Domande frequenti sui divani di design
Qual è la differenza tra un divano moderno e un divano di design?
Un divano moderno descrive soprattutto uno stile (linee pulite, volumi contemporanei). Un divano di design, invece, è un progetto riconoscibile anche nella costruzione: proporzioni studiate, comfort coerente, qualità dei materiali e un linguaggio formale che regge nel tempo. In pratica: moderno può essere “tendenza”, design dovrebbe essere “scelta di progetto”.
Meglio un divano modulare o un divano lineare?
Dipende dallo spazio e da come vivi il soggiorno. Il lineare è più semplice da gestire e spesso più prevedibile come ingombri e budget. Il modulare ha senso se vuoi costruire una composizione su misura (open space, chaise, isola) o se pensi che la casa possa cambiare: ma va progettato bene, altrimenti rischi volumi eccessivi o elementi poco comodi.
Meglio tessuto o pelle per un divano di design?
La pelle è elegante e, se di qualità, invecchia bene, ma può essere più delicata con graffi e calore (soprattutto con animali). Il tessuto offre più varietà e spesso è più “morbido” visivamente; la differenza la fa la trama e la performance (resistenza, pulizia, pilling). La scelta migliore è quella coerente con uso reale, luce della stanza e manutenzione che sei disposto a fare.

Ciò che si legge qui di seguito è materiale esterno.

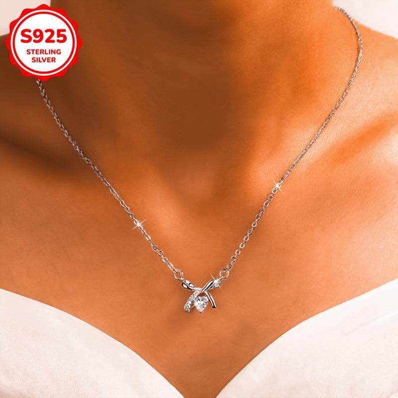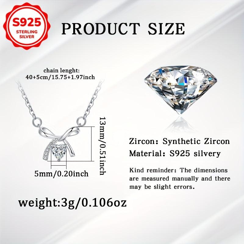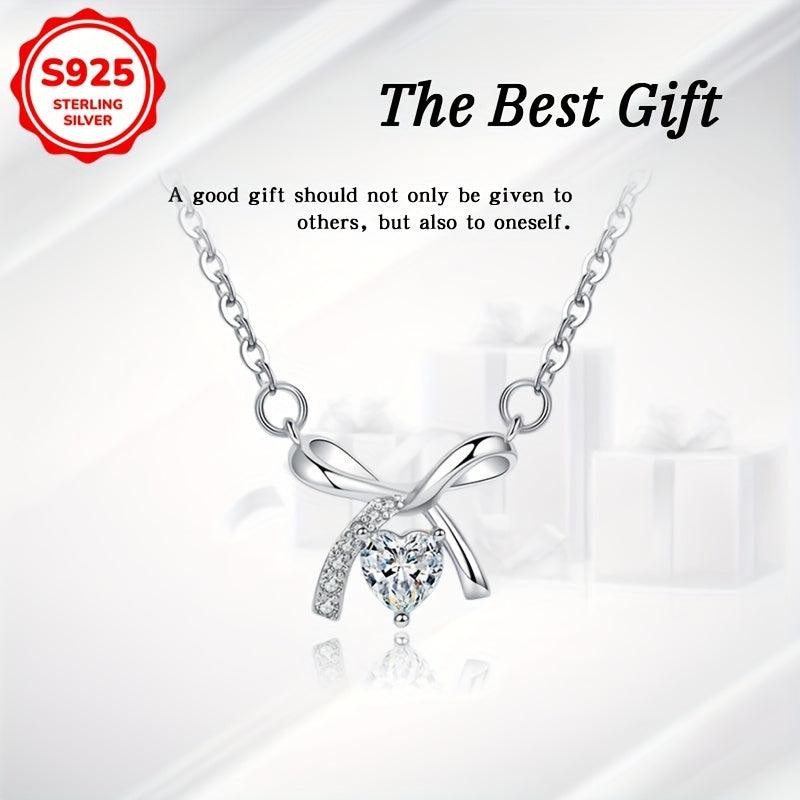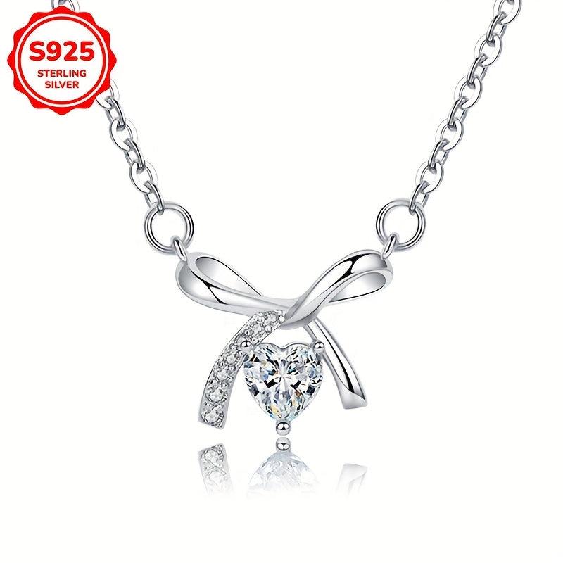 Elegant pendant necklace featuring a refined butterfly heart design with synthetic zirconia stones. Made of 925 sterling silver with a weight of 5g. Perfect for daily wear, dates, vacations, parties, and holidays.
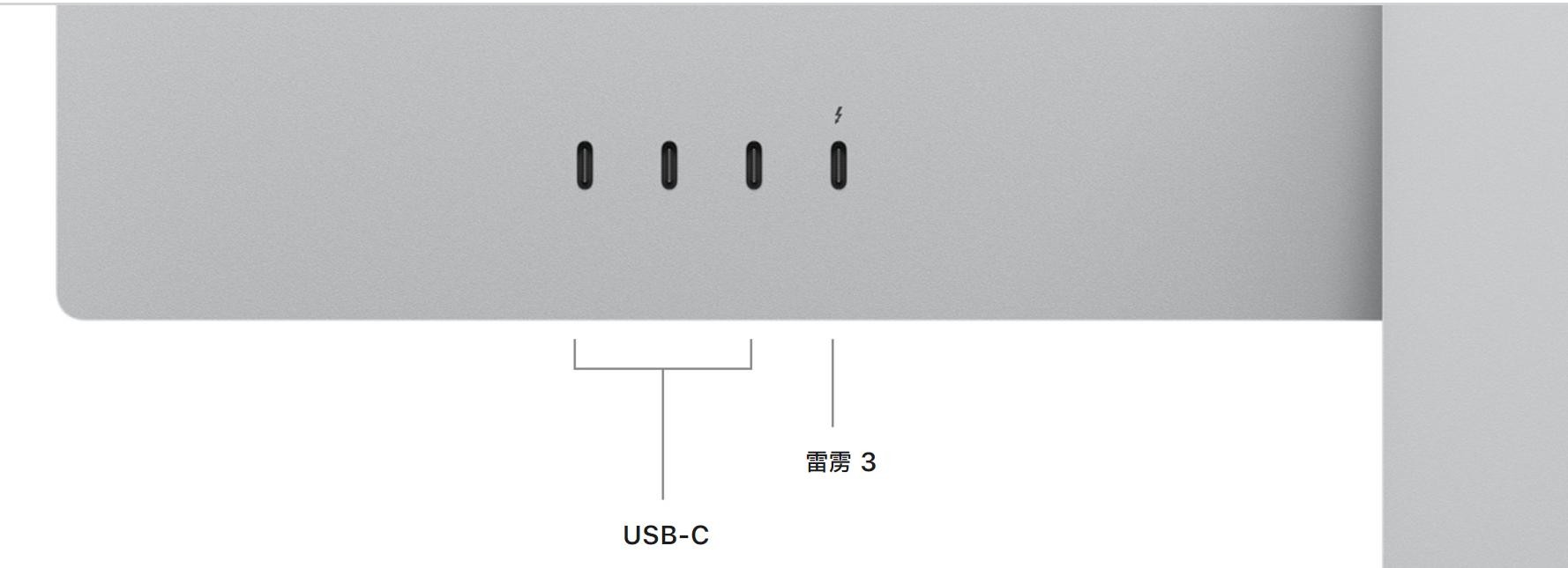其他方面,Studio Display的亮点也不少,比如有四个USB C口,其中一个支持雷电4;搭载了6扬声器,外放效果很有保证。

Come capire se un divano è davvero di qualità (non solo bello)?
Oltre all’estetica, valuta comfort e costruzione: seduta e schienale devono sostenere senza “cedere” subito, le cuciture devono essere regolari, i cuscini ben strutturati e la struttura non deve dare sensazioni di instabilità. Se possibile, chiedi informazioni su materiali delle imbottiture e sfoderabilità: sono elementi che incidono sulla durata più di qualsiasi dettaglio decorativo.
Quanto bisogna pagare per un divano di design che duri nel tempo?
Non esiste una cifra universale, perché il prezzo dipende da dimensioni, rivestimenti e configurazione (lineare o modulare). L’indicazione più utile è questa: per un divano che duri, è meglio investire su costruzione e materiali (struttura, imbottiture, rivestimento, meccanica) e non solo sul “nome”. Quando il preventivo sale per pelle di qualità, tessuti performanti, composizioni modulari e dettagli costruttivi, spesso stai pagando proprio ciò che determina la durata. Se invece il prezzo cresce solo per l’immagine, senza specifiche chiare, è un segnale da verificare meglio.